Author(s): Ruiz Pedro A | Jarai Gabor

Journal: Fibrogenesis & Tissue Repair
ISSN 1755-1536

Volume: 5;
Issue: 1;
Start page: 3;
Date: 2012;
Original page

Keywords: collagen I | collagen IV | DDR | fibroblast migration | fibroblast proliferation | MMP

Abstract Background The two discoidin domain receptors (DDRs), DDR1 and DDR2 are receptor tyrosine kinases (RTKs) with the unique ability among RTKs to respond to collagen. We have previously shown that collagen I induces DDR1 and matrix metalloproteinase (MMP)-10 expression through DDR2 activation and a Janus kinase (JAK)2 and extracellular signal-regulated kinase (ERK)1/2-mediated mechanism in primary human lung fibroblasts suggesting that these signaling pathways play a role in fibroblast function. Fibroblasts can traverse basement membrane barriers during development, wound healing and pathological conditions such as cancer and fibrosis by activating tissue-invasive programs, the identity of which remain largely undefined.

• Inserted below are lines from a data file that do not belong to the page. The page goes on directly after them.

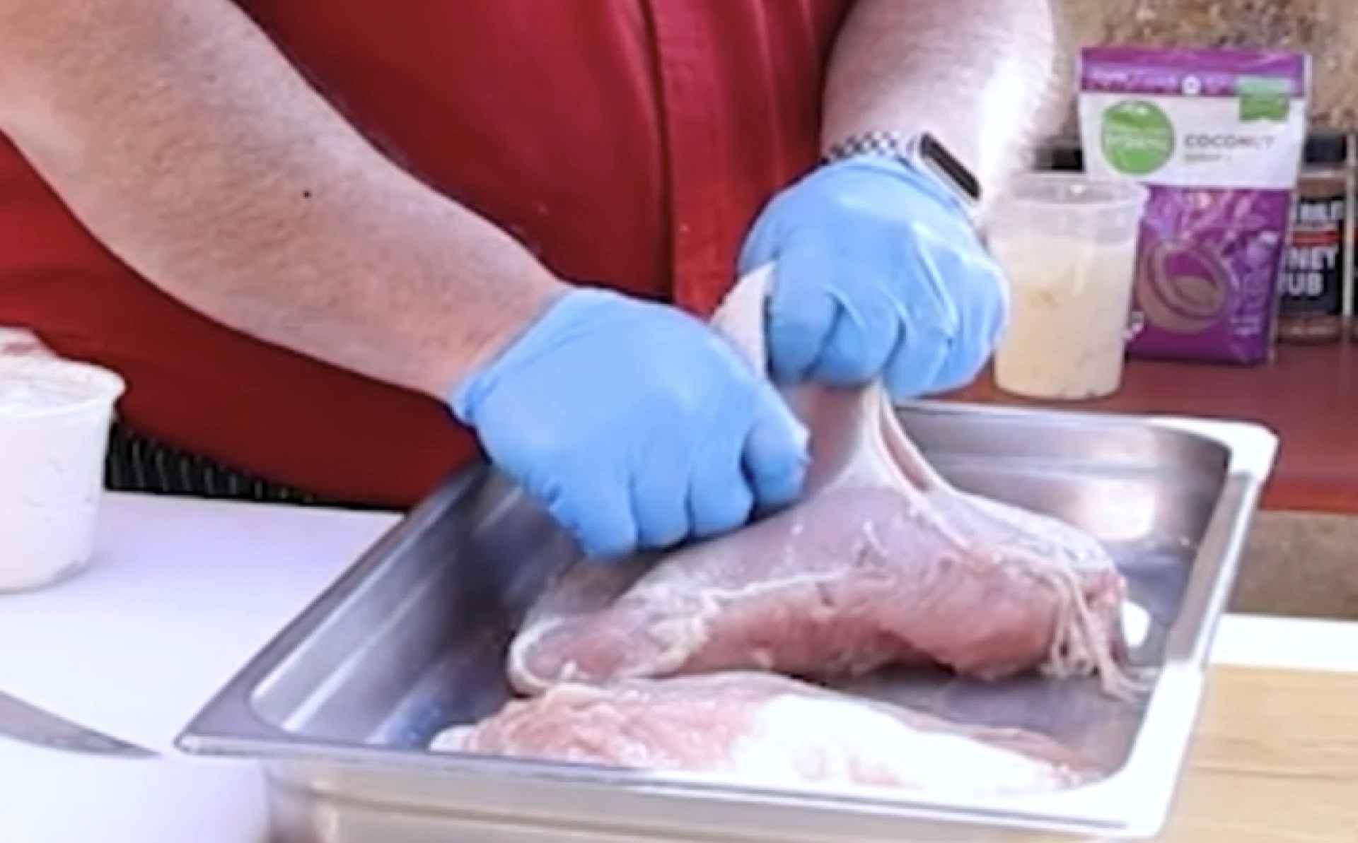 Remove the skin from the turkey breast. (You should be able to pull the skin off the breast without using a knife.)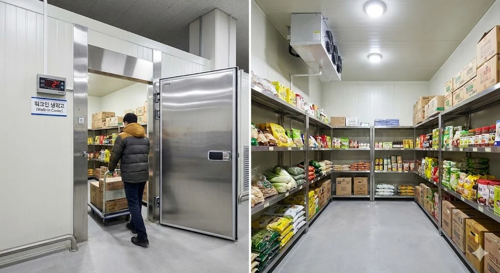 ์ฌ๋์ด ์ง์ ๊ฑธ์ด ๋ค์ด๊ฐ๋ ์ํฌ์ธ(Walk-in) ๋ฐฉ์์ธ ๋งํผ, ๋์ด์ ์์น๋ ์ฃผ๋ฐฉ์ด๋ ์์ฐจ์ฅ๊ณผ ๊ฐ์ฅ ๊ฐ๊น์ด ๋์ ์ ๋ฐฐ์นํ์ฌ ์์ ์์ ๋ ธ๋ ๊ฐ๋๋ฅผ ์ค์ฌ์ฃผ์ญ์์ค. ๋ด๋ถ ์กฐ๋ช ์ ์ํ์ ๊ธฐ์จ์์๋ ์ฆ๊ฐ ์ผ์ง๊ณ ์ด ๋ฐ์์ด ์ ์ ๋ฐฉ์ตํ LED ์กฐ๋ช ์ ์ค์นํ์ฌ, ์ด๋์ด ๊ตฌ์ ์์ด ์์ฌ๋ฃ๋ฅผ ํ๋์ ํ์ ํ ์ ์๊ฒ ํด์ผ ํฉ๋๋ค.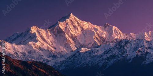 Fototapeta premium Snowy Mountain Peak at Sunrise With Purple Sky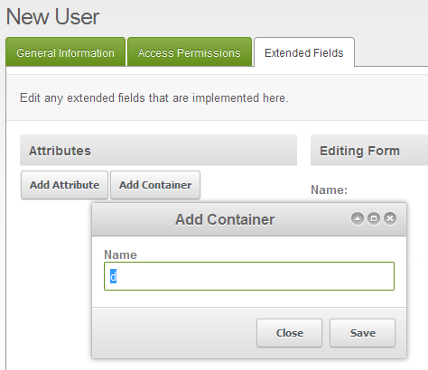 Occasionally, you will find that there are values or organizational headings that may be applied to your users that are not in the typical database area for your user. This means that you you will not see these items in the General Information tab when creating your user. In order to provide support for these items, Modx has provided an option called EXTENDED FIELDS. Here's an illustration that describes them: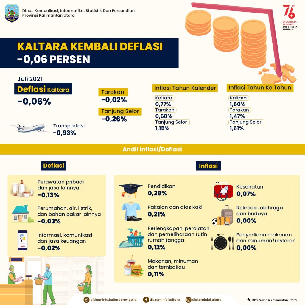 Deflasi yang terjadi sebagai akibat dari adanya kelompok pengeluaran dari tingkat inflasi bulanan mengalami penurunan. Kelompok pengeluaran tersebut adalah transportasi dimana Indeks harga konsumen pada Bulan Juli 2021 mengalami penurunan sebesar -0,93 persen. Selain Provinsi Kaltara, Kota Tarakan juga mengalami deflasi sebesar -0,2 persen dan Tanjung Selor sebesar -0,26 persen.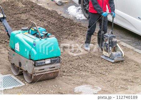 道路工事 振動ローラー プレートコンパクター 転圧作業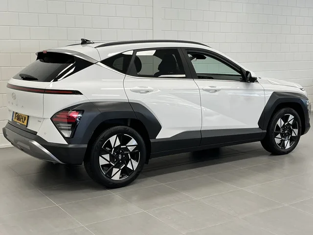 Deze fraaie Hyundai Kona is nog nat achter de oren, zo nieuw. Maar de prijs is gebruikt. Deze auto uit 2023 heeft nauwelijks gereden, met een tellerstand van slechts 19164 kilometer. Een benzinemotor en een automatische transmissie zorgen dat jij met deze SUV prima vooruitkomt. De leren bekleding maakt het interieur helemaal af! Een weldaad voor uw rug en die van uw bijrijder: deze Hyundai Kona heeft verwarmbare voorstoelen met massagefunctie. De bagageruimte is toegankelijk via een comfortverhogende elektrische achterklep. Waarom zou je alleen voorin behaaglijk mogen zitten? Daarom is er óók een verwarmde achterbank. Ook 18 inch lichtmetalen velgen, Full LED koplampen, geluidsisolerende ramen, in delen neerklapbare achterbank, LED-achterlichten en verstelbare lendensteunen zijn aan boord. Met het digitale dashboard heb je essentiële info in beeld. Altijd, overal. Met de 360 graden camera op deze auto wordt het rijden een heel stuk veiliger, dankzij het optimale zicht dat het biedt....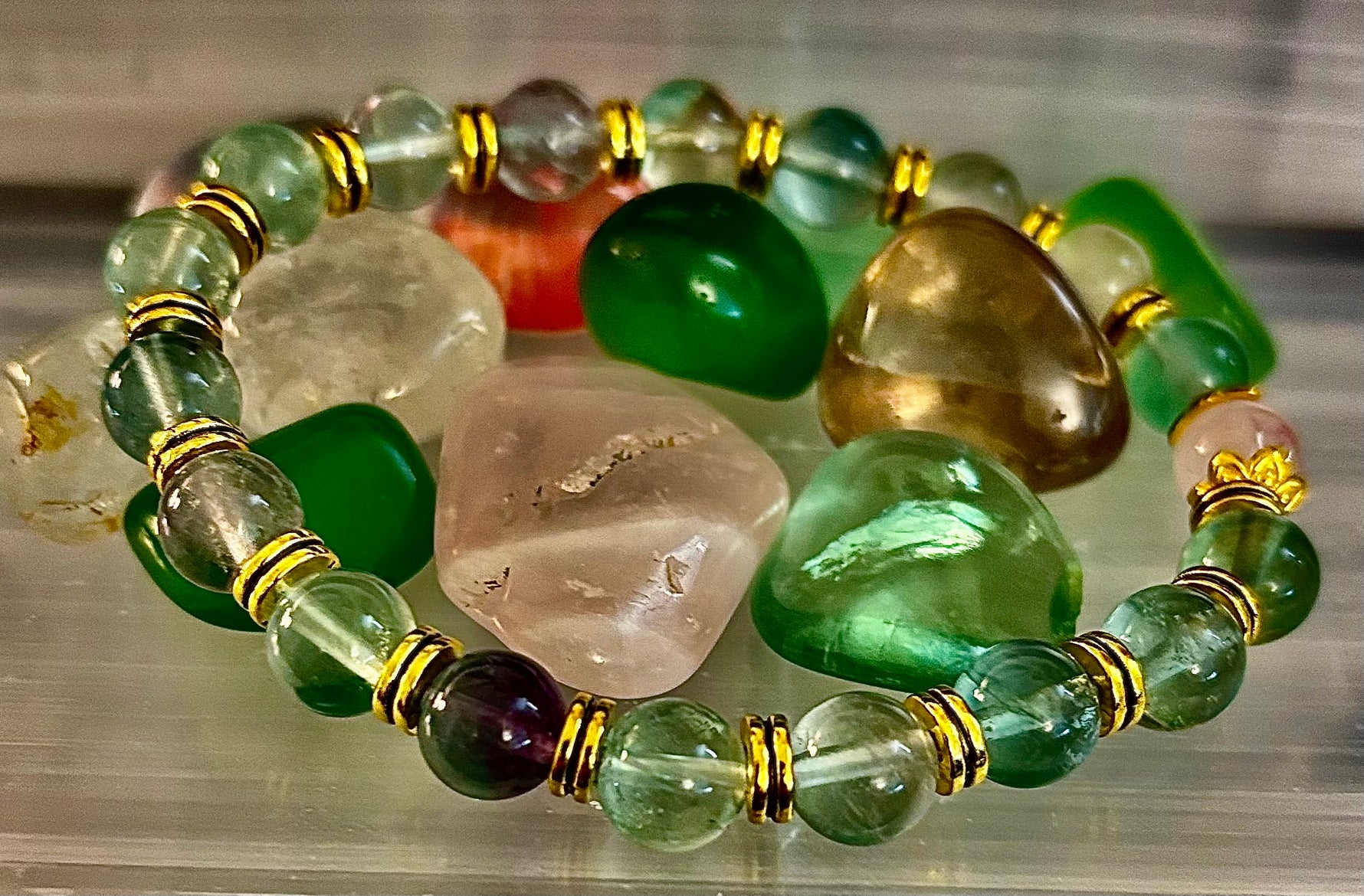 Gemstones: Rainbow Fluorite (clarity & protection) + Rose Quartz center (love & compassion)

In the present work, we investigated the role of DDRs and DDR-associated signal transduction in these processes. Results Transwell migration experiments showed that normal human lung fibroblast (NHLF) transmigration through collagen I-coated inserts is mediated by DDR2 and the DDR2-associated signaling kinases JAK2 and ERK1/2, but not DDR1. Additionally, experiments with specific small interfering (si)RNAs revealed that collagen I-induced expression of MMP-10 and MMP-2 is DDR2 but not DDR1 dependent in NHLFs. Our data showed that collagen I increases NHLF migration through collagen IV, the main component of basement membranes. Furthermore, basal and collagen I-induced NHLF migration through collagen IV-coated inserts was both DDR2 and DDR1 dependent. Finally, DDR2, but not DDR1 was shown to be involved in fibroblast proliferation. Conclusions Our results suggest a mechanism by which the presence of collagen I in situations of excessive matrix deposition could induce fibroblast migration through basement membranes through DDR2 activation and subsequent DDR1 and MMP-2 gene expression. This work provides new insights into the role of DDRs in fibroblast function.